MedicalResearch.com Interview with:

Philip McCarthy, BA, MD Professor of Oncology Director, Blood and Marrow Transplant Program Roswell Park Cancer Institute Associate Professor of Medicine Jacobs School of Medicine and Biomedical Sciences State University of New York at Buffalo Buffalo, NY 14263

Dr. Philip McCarthy

Philip McCarthy, BA, MD
Professor of Oncology
Director, Blood and Marrow Transplant Program
Roswell Park Cancer Institute
Associate Professor of Medicine
Jacobs School of Medicine and Biomedical Sciences
State University of New York at Buffalo
Buffalo, NY 14263

MedicalResearch.com: What is the background for this study? What are the main findings?

Dr. McCarthy: There have been three Phase III studies that examined the role of maintenance lenalidomide after autologous stem cell transplant (ASCT) for newly diagnosed multiple myeloma patients. IFM 2005-02 (France), CALGB 100104 (Alliance, USA), GIMEMA-RVMM-PI-209 (Italy). All three studies had progression free survival (PFS) as their primary endpoint and all demonstrated a superior PFS when compared to placebo or no therapy after ASCT. However only the CALGB 100104 study demonstrated a statistically superior overall survival (OS).
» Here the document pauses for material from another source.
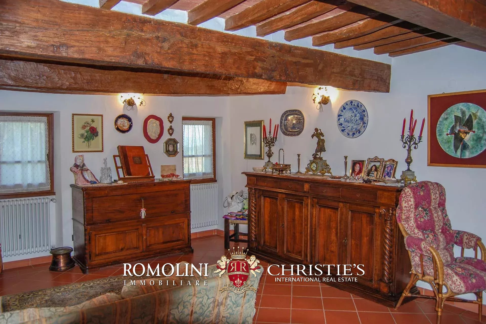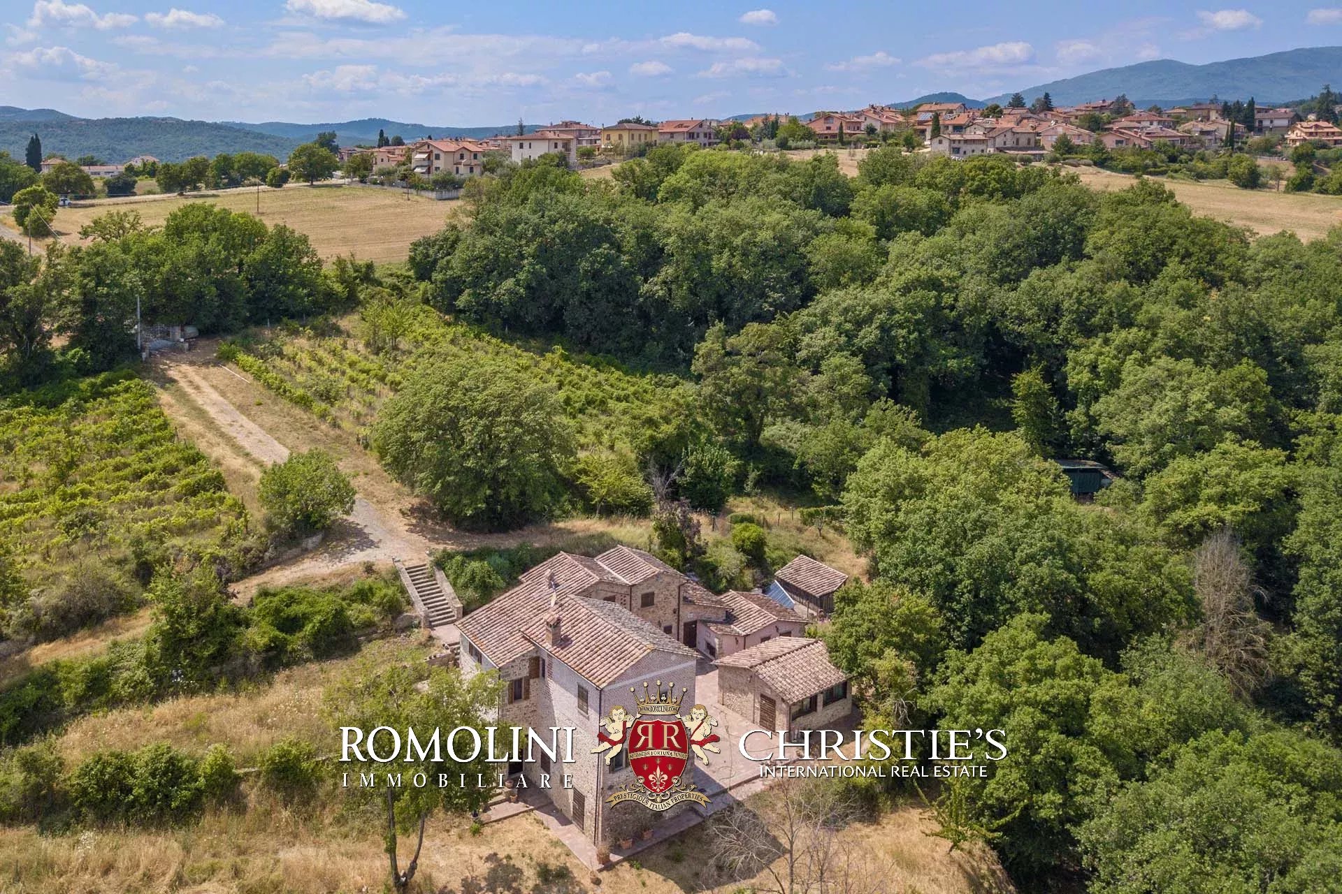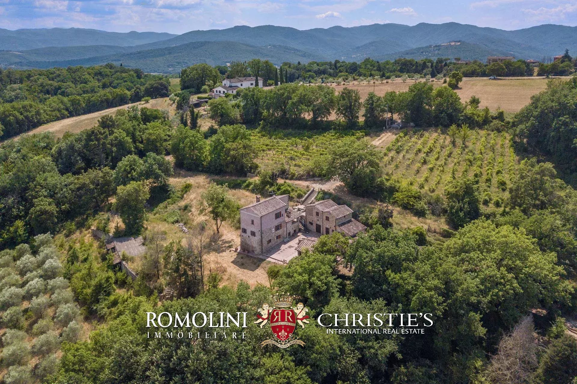 Appena fuori dal centro storico di Anghiari, in una posizione molto panoramica sulla Valtiberina, piccola tenuta di 10,5 ettari con borgo in pietra. I vari edifici della proprietà ospitano attualmente 10 camere e 8 bagni e sono adatti sia come residenza privata che come attività ricettiva. I 10,5 ettari di terreno includono un piccolo vigneto (1,2 ha) e un oliveto (2,0 ha con 300 alberi in piena produzione).
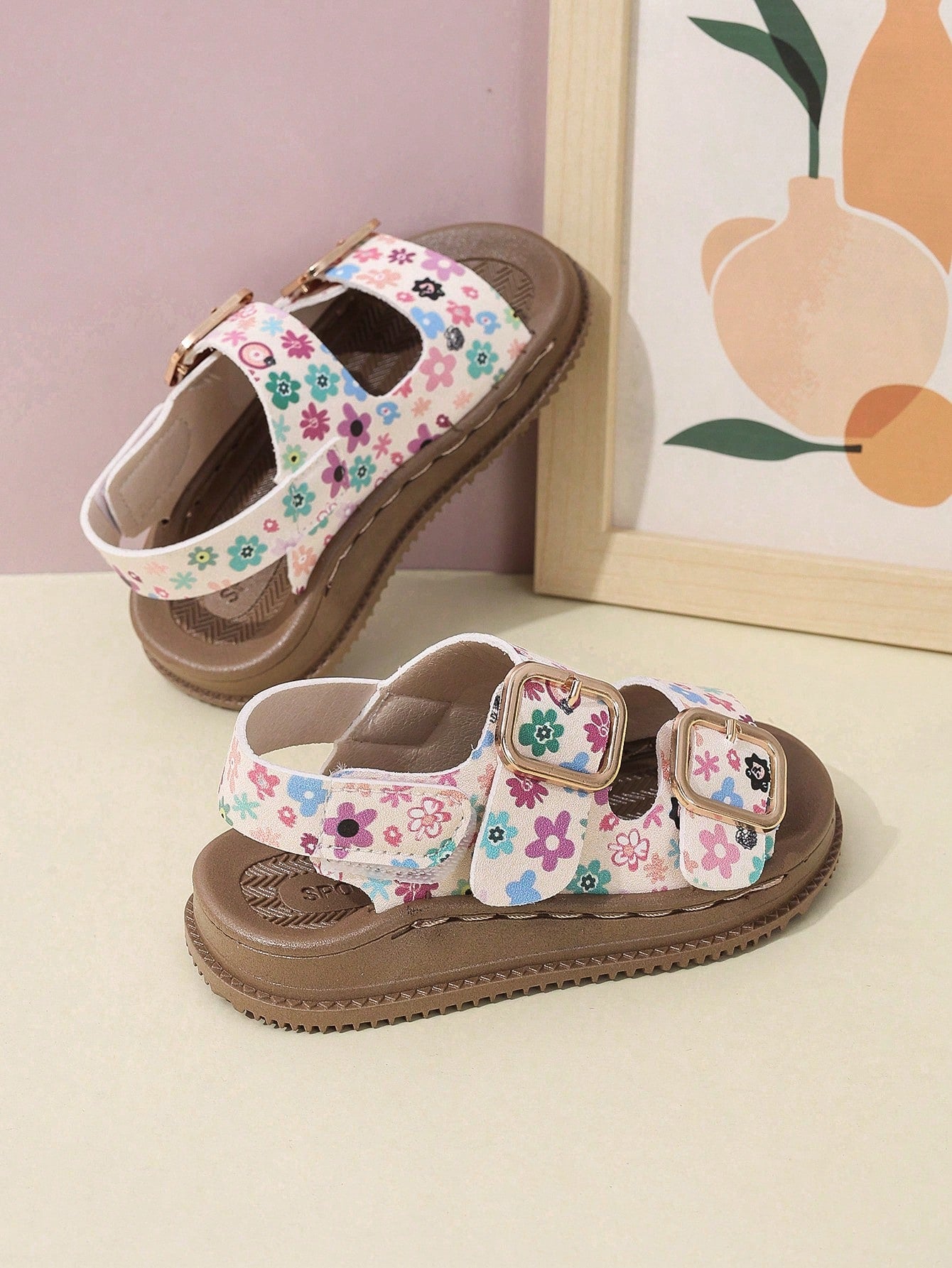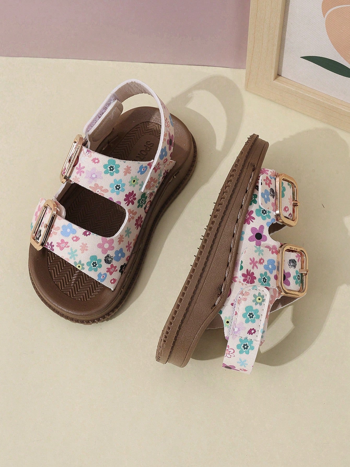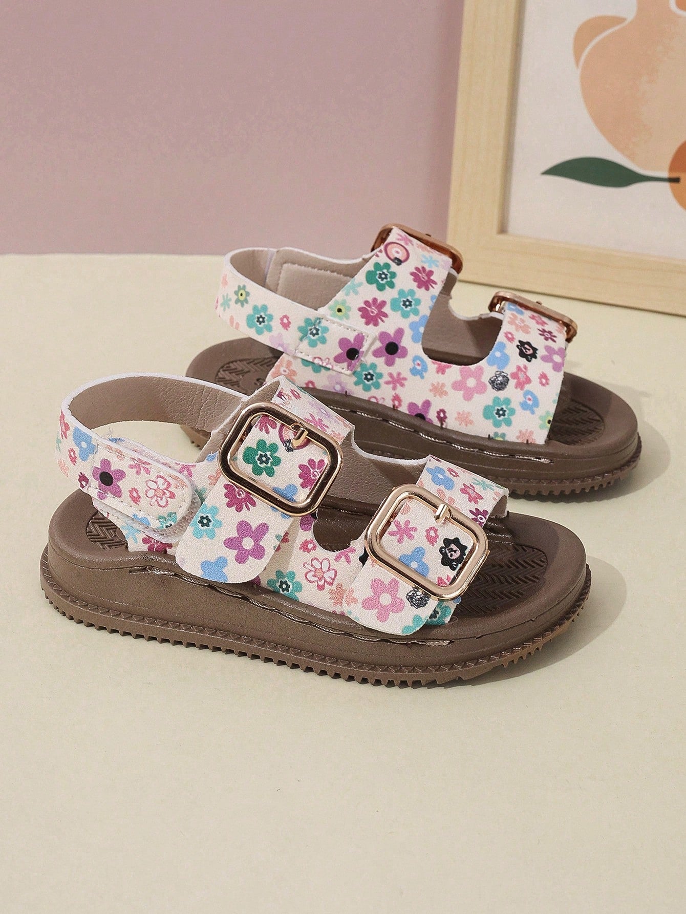 زوج واحد من الصنادل المسطحة للأطفال المزينة بالزهور

Thus, a meta-analysis was necessary to assess the effect of post-ASCT lenalidomide maintenance on overall survival. This study utilized a pooled analysis of updated primary-source patient data from all three studies after the primary efficacy analyses had been conducted. The meta-analysis demonstrated that there is a statistically superior OS (P value=0.001, HR=0.74 (0.62-0.89)), Median OS for no maintenance or placebo was 86 months and the median OS for lenalidomide had not been reached. The median OS for lenalidomide treatment arm was extrapolated to be 116 months based on median of the control arm and HR (median, 86 months; HR = 0.74). Thus, there is a 26% reduction in the risk of death which is an estimated 2.5 year increase in median OS. There is an increased incidence of second primary malignancies with lenalidomide maintenance when compared to placebo but this risk is less than the risk of dying when not receiving lenalidomide.